New wonder weight-loss drug. Don’t worry about the cancer

Introduction by the Editor

There’s a new wonder weight loss drug on the way, according to the Daily Mail last month, that is not only more effective than diet and exercise but it also lowers blood pressure, raises good cholesterol and prevents diabetes. It even, the article enthuses, produces a feel-good factor, making dieting a pleasure. Buy!

Gosh! unbelievable, this is exactly what nutritionist Zoe Harcombe thinks about it for reasons she explains below. Getting a realistic view of Saxenda is not only important for the health of anyone who is likely to be prescribed it but also for NHS budgets since it won’t come cheap.

While one expert quoted by the Mail described Saxenda as ‘absolutely life-changing for many of our most difficult-to-manage patients’, Harcombe highlights the mismatch between the glowing promises and the unimpressive reality, one of which is that the enthusiastic expert has extensive links with the company that makes Saxenda.

A raised risk of cancer

What the Mail article fails to make clear is that this drug, which under the name liraglutide (Victoza) has been used for over five years to treat type 2 diabetes, still has serious and unanswered questions about its safety. It has been linked both with a raised risk of thyroid cancer and with a condition which can lead to cancer of the pancreas. Even so patients given it for slimming will be getting twice the dose given to diabetics. A higher dose of any drug usually increases the risk of side effects.

However people who have been wrestling with obesity for years might think it were a risk worth running, given that taking – actually injecting it into the stomach – daily for a year would allow you to lose 19 pounds; the equivalent, according to the Mail, to dropping two dress sizes. Actually a quick calculation reveals that this is a really poor result. Over a year, that 19 lbs translates into the loss of 1lb every three weeks. Is there really any diet that *can’t* beat that?

What’s really wrong with Saxenda is not just that it is possibly dangerous and not very effective, but that the millions spent developing and marketing it and the billions more that will go on buying it could be far better spent on developing and implementing a serious public health approach to obesity.

Injecting yourself every day to drop a pound in three weeks is a solution?

By Zoe Harcombe

Liraglutide hit the headlines in January because it had just been approved by the European Medicines Agency (EMA) for the treatment of obesity, to be marketed as “Saxenda”. The EMA had previously approved it for type 2 diabetes in July 2009. In America the approval for obesity had come a month earlier in December 2014.

Liraglutide is used to treat diabetes because it increases the production of insulin, slows down the rate glucose is absorbed from the gut and reduces the action of glucagon, the hormone that balances insulin by sending more glucose into the blood stream when levels have dropped.

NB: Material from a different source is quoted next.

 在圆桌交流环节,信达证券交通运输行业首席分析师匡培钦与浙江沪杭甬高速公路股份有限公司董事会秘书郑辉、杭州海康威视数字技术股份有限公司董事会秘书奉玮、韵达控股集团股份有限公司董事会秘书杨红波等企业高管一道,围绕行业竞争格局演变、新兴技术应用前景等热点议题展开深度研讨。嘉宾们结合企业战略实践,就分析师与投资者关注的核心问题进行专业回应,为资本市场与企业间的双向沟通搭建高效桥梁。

It can do this because it’s a synthetic version of one of a group of hormones called incretins, which your intestines pump into the blood stream when you eat anything. The one that Liraglutide mimics is called GLP-1.

I don’t agree with drugs like this being used to treat type 2 diabetes. The main reason being – because it is entirely unnecessary. Type 2 diabetes means that the body cannot regulate blood glucose levels properly. Instead of taking drugs to manage the handling of glucose, we need to STOP PUTTING THE GLUCOSE IN! Sorry to shout – but it should be so flipping obvious that type 2 diabetes should be managed by restricting carbohydrate/glucose intake that it is difficult not to want to shout when the obvious is being ignored.

The same goes for using liraglutide to treat obesity because messing around with the body’s endocrine (hormone) system is a serious thing to do and we cannot be sure of the medium or long term consequences of mimicking and disturbing the body’s natural hormone production.

A risk of damage to the pancreas

So it’s not surprising that liraglutide comes with a major warning for thyroid cancer. That will likely be brushed aside by people who, let’s face it, are so desperate to lose weight they will consider destroying their stomach with bariatric surgery.

But there is also research suggesting that the drug could be linked with damage to the pancreas. When, in 2010, the FDA approved liraglutide for type 2 diabetes, it stated that “pancreatitis (inflammation of the pancreas) occurred more often in patients who took Victoza than in patients taking other diabetes medicines”. The FDA statement, even more worryingly, approved the drug with the caveats that the company must conduct further studies to provide additional information on the safety of this product – particularly cardiovascular safety, thyroid and other cancer risks, the risk of seriously low blood glucose levels (hypoglycaemia), pancreatitis, and allergic reactions.

Novo Nordisk was mandated: “To specifically evaluate the risk of medullary thyroid cancer, the company is required to establish a cancer registry to monitor the rate of this type of cancer in the United States over the next 15 years.” We won’t even know the results of this until 2025 – 15 years after the drug has been given to millions of people.

What are they doing doubling the dose?

Given the warning bells about cancer, pancreatitis and the like, it seems remarkable that liraglutide has been approved for obesity at double the dose for diabetics. What’s likely to be the effect? No one knows for sure, but a basic rule is that a raised dose is likely to make adverse effect more common and more serious.

The dose for type 2 diabetes is typically 1.2mg per day, with a maximum of 1.8mg per day. The does for obesity is 3mg per day.

One likely effect of this is the serious hypoglycaemia – dangerously low blood glucose levels – mentioned above).

Ironically one effect of hypoglycaemia is insatiable cravings for food – especially carbohydrates – to raise blood glucose levels..

It is also reasonable to ask: will a drug that increases the release of insulin and impairs the release of glucagon from the pancreas not just risk pancreatitis in the short term, but result in type 2 diabetes in the medium to long term? We don’t know.

Millions could be exposed to these risks

What makes these all too plausible damaging side-effect even more worrying is that they are likely to involve a large proportion of the population. The EMA has approved liraglutide for use in adults with a BMI of 30 or greater (obese) as well as in adults with a BMI of 27-30 (overweight) who have another condition such as type 2 diabetes, high blood pressure, high cholesterol or sleep apnea. With 24.5% of UK men and 25.4% of UK women qualifying for the drug immediately and a substantial proportion of the remaining 42.1% of men and 31.8% of women in the overweight, but not obese, category also qualifying, this is the potential blockbuster that drug companies dream of producing in their labs.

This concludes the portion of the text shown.